Not feeling very lucky, I flashed my most innocent smile and said, “Look, I just have really good instincts about blackjack, that is all. What possible evidence could you have that I was cheating?”

“No one’s that good. It’s statistically impossible to win as much as you have consistently. If you were smarter you’d lose more on purpose, make it less obvious. So, I ask you again, how have you been doing it?”

I sensed that someone was approaching the closet and I extended my thoughts to…her. There was a bartender named Julie hesitating at the “Do Not Disturb” sign hanging on the closet door, needing a bottle of Absolut Vodka. I threw my will into that need, enflaming the urgency to the point of panic. Julie pushed open the door and stormed in, eyes wild, looking for the vodka. As John turned to face her, I pulled at the zip ties, augmenting my physical strength with my gift, and the ties snapped painfully. Then I shifted all my focus to the light in the room, feeling it reflecting off my body. This is one of my more difficult tricks. I willed that light to gently bend around my form, to flow around me without touching. I’ve spent endless hours practicing this in front of a mirror, and when I get it right, I become completely invisible. The problem is that it takes all my concentration to do it right, and if I try to move or walk around, I become partially visible, like a translucent ghost image of myself.

Julie spotted the bottle she was looking for, snatched it up and fled the room. At the sound of the snapping zip ties John turned back to face me, and when he didn’t see me his intense shock hit me in a wave that almost ruined my concentration. He reached under his jacket, pulled out a gun, and ran from the room.

I steadied my breathing and slowly began to walk to the door. I opened it gently, then stepped into the service hallway. The area could not have been more different from the rest of the casino. The industrial white paint on the walls was so dull it looked like primer, and it was marred in numerous places with small gouges in the drywall and greasy black streaks. The long tubes of ancient fluorescent lighting cast their greenish glow over everything, save for the sputtering, dying tube at the end of the hall. The unpainted concrete floor was pitted and spider-webbed with tiny cracks. A concrete floor meant that this must be the ground floor, maybe even a basement. There was a distinct limestone smell in the damp air. Definitely the basement. I was alone for the moment amid the hum of the fluorescents, and dropped the invisibility so I could extend my consciousness back into the mind of Julie the bartender. I gently prodded her to think about the layout of the building and the location of all the exits. In her memory I saw her struggle to open the dented metal door at the end of the hallway and climb the stairs, but then her mind wandered. I pulled away from her, not willing to risk hurting her by forcing her mind open again. The stairs were a good enough start, I hoped.
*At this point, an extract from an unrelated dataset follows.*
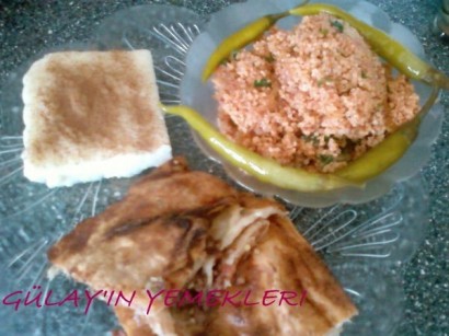 - Malzemeler:kişi başı 1 çaybardağı ince bulgur2 çaybardağı kadar zeytinyağı2 adet kuru soğan2 yemek kaşığı salçananemaydanozlimon suyutuzHazırlanışı:bulguru tuz ve nane ile bir kabın içine koyalımüzerini geçecek kadar kaynar su ilave edelim ve üzerini bir kapak ile kapatalımsoğanları yemeklik doğrayalım zeytinyağında kavuralım(isteyen çiğden kullanabilir)salçayıda ilave edip kavuralımkabaran bulgurun içine soğanları karıştıralımdiğer malzemeleride bulgura ekleyelimisteğe göre salatalık,domates,taze soğan ve değişik baharatlarda ilave edbilirsinizSakızlı muhallebi:

Once I knew where to begin, all I had to worry about was being seen, so I tried to bend the light again, but a sharp pain flashed through my already aching head, so I stopped. That kind of pain is a warning, and if you ignore it and try to push through it, permanent brain damage can occur. My best friend and mentor, Gus, has the only mind I have ever encountered with abilities that rival my own. He pushed himself too hard about 25 years ago and has been in a coma ever since.

So I gave my brain a rest and calmly walked toward the stairs, trying to look like I belonged there. The door to the stairwell was painted with the same flat whitewash as the hall, covering the hinges, the spherical doorknob… everything. The knob didn’t turn, but as I pulled, the door opened a crack, and as I continued it scraped loudly against the cement floor. So much for stealth. The stairwell was windowless and dimly lit. It smelled like stale cigarette smoke. Each step I took was easily heard, and as I began up the stairs, hushed voices echoed down from above. While the words were too quiet to discern, the fear of being caught was clear. Smokers. Must be. A door opened above me, and I saw it almost shut as I rounded the corner. The lock didn’t catch. Bonus for me. I stepped over the cigarette butts that littered the stairs, and stopped with my hand on the doorknob.